■ **What you should do**
What you return should be only the lines in the entries below between the one holding "- 極 美品 希少品 Christian" and the one holding "石栾大街与栾武路交叉口的樱花", ends included, with every picture left out.
(Beginning of Data to process)
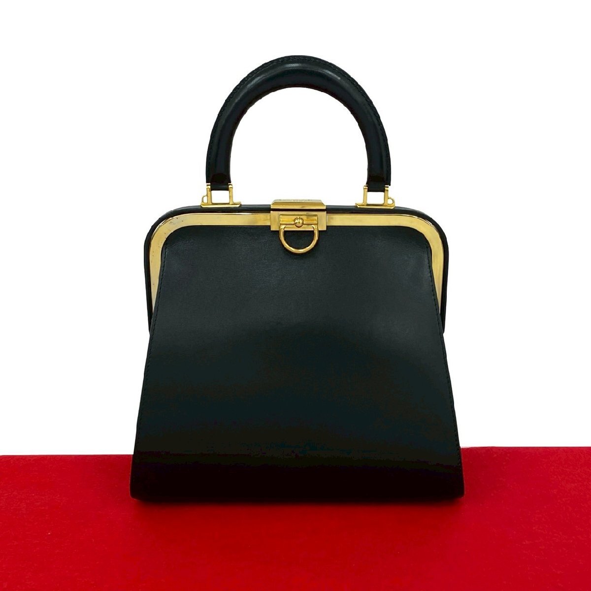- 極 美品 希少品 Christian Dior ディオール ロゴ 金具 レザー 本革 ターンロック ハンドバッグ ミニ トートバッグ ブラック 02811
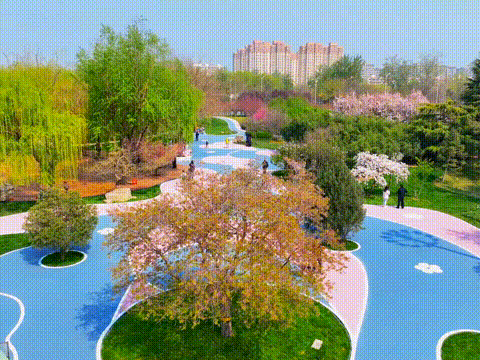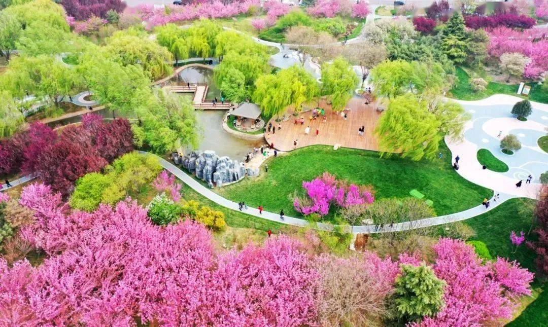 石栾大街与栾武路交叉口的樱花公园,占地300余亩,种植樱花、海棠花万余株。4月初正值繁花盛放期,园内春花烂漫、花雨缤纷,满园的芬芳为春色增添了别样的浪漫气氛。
(End of Data to process)
(Beginning of Data to process)
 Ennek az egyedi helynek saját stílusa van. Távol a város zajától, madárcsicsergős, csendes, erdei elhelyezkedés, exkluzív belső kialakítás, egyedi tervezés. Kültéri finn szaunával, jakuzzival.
(End of Data to process)
■ **Result of the task**
- 極 美品 希少品 Christian Dior ディオール ロゴ 金具 レザー 本革 ターンロック ハンドバッグ ミニ トートバッグ ブラック 02811
 石栾大街与栾武路交叉口的樱花公园,占地300余亩,种植樱花、海棠花万余株。4月初正值繁花盛放期,园内春花烂漫、花雨缤纷,满园的芬芳为春色增添了别样的浪漫气氛。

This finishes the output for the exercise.